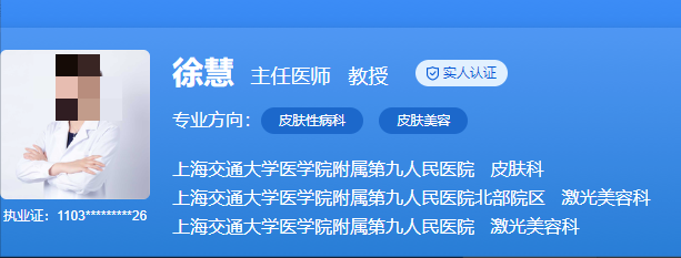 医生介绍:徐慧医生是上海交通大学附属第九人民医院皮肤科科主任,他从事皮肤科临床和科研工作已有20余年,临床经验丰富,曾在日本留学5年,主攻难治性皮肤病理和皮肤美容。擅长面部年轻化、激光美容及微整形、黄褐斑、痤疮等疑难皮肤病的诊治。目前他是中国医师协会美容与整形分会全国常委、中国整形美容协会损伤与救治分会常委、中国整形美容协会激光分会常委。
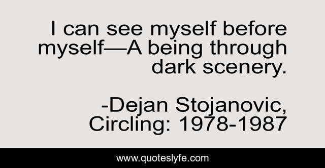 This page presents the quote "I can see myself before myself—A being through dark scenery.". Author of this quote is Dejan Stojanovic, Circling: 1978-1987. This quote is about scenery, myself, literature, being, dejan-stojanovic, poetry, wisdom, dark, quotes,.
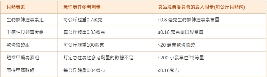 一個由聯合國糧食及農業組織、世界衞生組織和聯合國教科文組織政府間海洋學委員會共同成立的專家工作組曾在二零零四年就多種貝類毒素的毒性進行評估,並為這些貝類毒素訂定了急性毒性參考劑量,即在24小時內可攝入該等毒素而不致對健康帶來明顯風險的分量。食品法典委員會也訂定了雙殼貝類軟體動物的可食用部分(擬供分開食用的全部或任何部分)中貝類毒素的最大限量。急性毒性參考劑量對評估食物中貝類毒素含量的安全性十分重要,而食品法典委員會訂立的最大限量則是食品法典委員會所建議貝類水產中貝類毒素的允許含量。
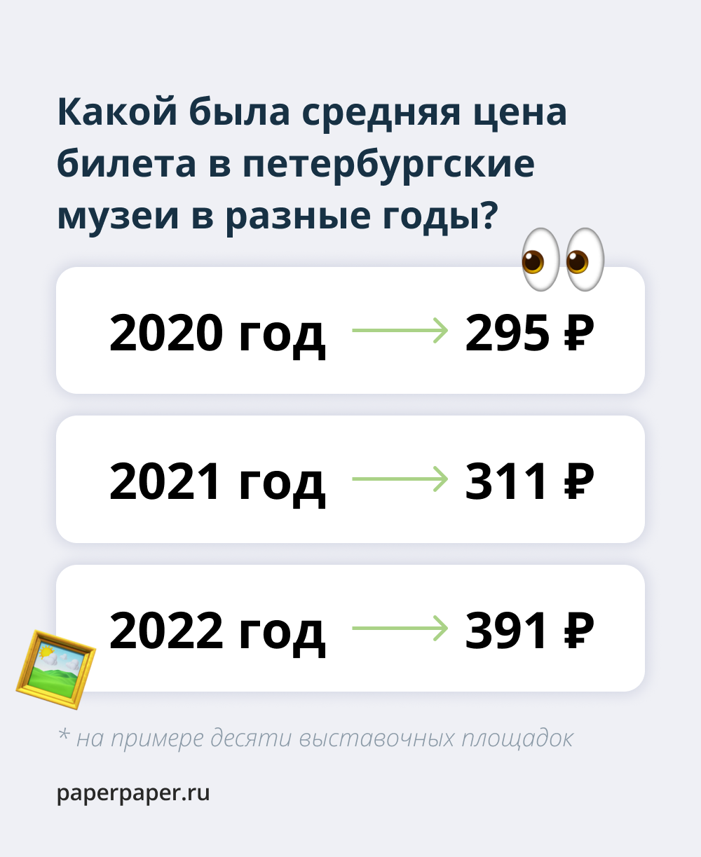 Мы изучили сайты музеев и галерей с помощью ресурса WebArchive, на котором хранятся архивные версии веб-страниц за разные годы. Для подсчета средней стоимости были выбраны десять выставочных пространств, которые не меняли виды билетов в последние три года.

EXERCISE >> Reproduce the material above in full, images excluded.

COMPLETED TASK >>
 医生介绍:徐慧医生是上海交通大学附属第九人民医院皮肤科科主任,他从事皮肤科临床和科研工作已有20余年,临床经验丰富,曾在日本留学5年,主攻难治性皮肤病理和皮肤美容。擅长面部年轻化、激光美容及微整形、黄褐斑、痤疮等疑难皮肤病的诊治。目前他是中国医师协会美容与整形分会全国常委、中国整形美容协会损伤与救治分会常委、中国整形美容协会激光分会常委。
 This page presents the quote "I can see myself before myself—A being through dark scenery.". Author of this quote is Dejan Stojanovic, Circling: 1978-1987. This quote is about scenery, myself, literature, being, dejan-stojanovic, poetry, wisdom, dark, quotes,.
 一個由聯合國糧食及農業組織、世界衞生組織和聯合國教科文組織政府間海洋學委員會共同成立的專家工作組曾在二零零四年就多種貝類毒素的毒性進行評估,並為這些貝類毒素訂定了急性毒性參考劑量,即在24小時內可攝入該等毒素而不致對健康帶來明顯風險的分量。食品法典委員會也訂定了雙殼貝類軟體動物的可食用部分(擬供分開食用的全部或任何部分)中貝類毒素的最大限量。急性毒性參考劑量對評估食物中貝類毒素含量的安全性十分重要,而食品法典委員會訂立的最大限量則是食品法典委員會所建議貝類水產中貝類毒素的允許含量。
 Мы изучили сайты музеев и галерей с помощью ресурса WebArchive, на котором хранятся архивные версии веб-страниц за разные годы. Для подсчета средней стоимости были выбраны десять выставочных пространств, которые не меняли виды билетов в последние три года.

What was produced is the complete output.